(445h) Global Renewable Energy and Negative Emission Potential Observatory - in a Knowledge Graph Context | AIChE

(445h) Global Renewable Energy and Negative Emission Potential Observatory - in a Knowledge Graph Context

Authors 

Li, L. - Presenter, National University of Singapore
Wang, X., National University of Singapore
Under the common vision of humanity to reduce carbon emissions, renewable energy and negative emission technologies are promising technologies in the blueprint of low-carbon transition of energy systems. However, hybrid renewable energy systems combined with negative emission technologies, which have a synthetic effect and promising potential in building low-carbon energy systems, are still under-explored. In our recent study, we found that sustainable energy systems combining renewable energy and negative emission technologies offer considerable environmental benefits compared to conventional energy systems and are economically competitive in areas with abundant renewable resources. The proposed decision support tools can be readily applied by end-users, operators, and governments, and the findings from the regional-scale analysis will help countries refine their emissions reduction targets, agree on global emissions reduction commitments, and design sustainable energy systems that benefit the world as a whole.

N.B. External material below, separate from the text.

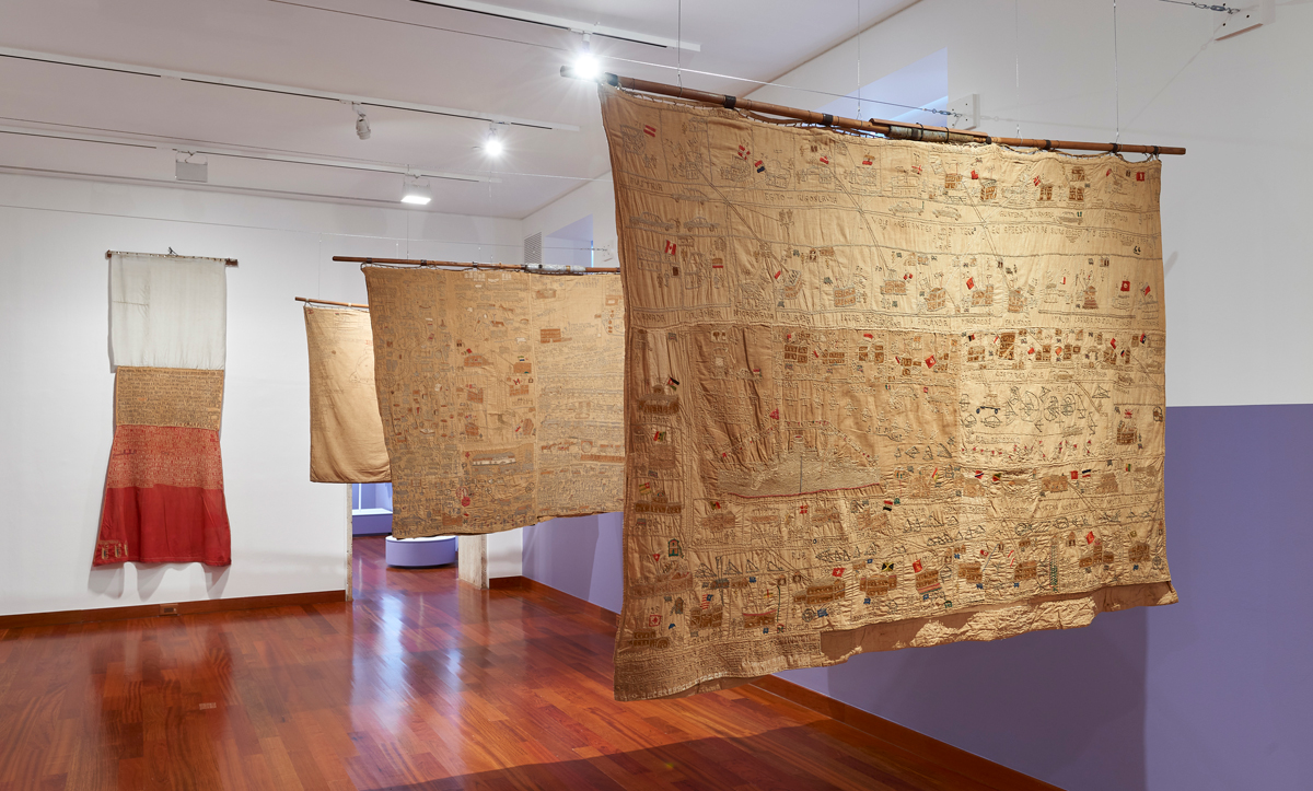 During his years of detention, Bispo constructed dozens of reproductions of objects out of fabric, wood, metal, and cardboard, helpfully labeling them, since their slightly lumpy contours don’t always immediately register: hammer, lamp, paint roller, compass. He was riveted by tasks of archiving and understood that cataloging can be effective via text as well as image: banners list everyone he ever met and every name that starts with the letter A, while others are schematically drawn compendia of navy ships or aerial-view maps of the countryside and the nation. Many of them hint at the world outside the walls of Bispo’s cell, a world he accessed through the newspapers that he regularly consulted; for example, they were the source for a series of Miss Universe sashes that are the same scale as actual pageant finery but are crowded with idiosyncratic geographical elements. Bispo’s embroidery, though elaborately detailed and deftly executed, is composed of relatively simple stitches that evidence countless hours of minute, hand-cramping labor. Some of the blankets have stains or are stamped with the name of the hospital; when on display at the 1995 Venice Biennale, the garments he had worn as daily uniforms were so odiferous that they had to be laundered.

However, practically, the selection, design, and placement of appropriate renewable energy and negative emission technologies within a given place is a complex, multi-domain, and multi-objective problem that necessitates an efficient knowledge management framework. One possible approach to utilize real-time and multi-domain data for this is The World Avatar (TWA) project. TWA is a dynamic knowledge graph (dKG) based on the Semantic Web and its associated technologies, with intelligent agents operating on it. The agents act autonomously to constantly update and extend TWA, thus making it evolves in time. The purpose of this paper is to illustrate how digital twinning (of the energy system, renewable and negative emission resources, and the technology and market conditions) in the context of a dKG can support and augment our previous work to develop a decision-support system that determining the optimal placement of technologies that is economic and carbon-reducing for the given context. The system consists of a bi-objective robust optimization model – to minimize both the cost of deploying the technologies and maximize the carbon reduction potential that the technologies would bring to the area. A case study considering the climate mitigation of renewable energy and negative emission technologies in China and the UK is introduced to demonstrate the application of this approach.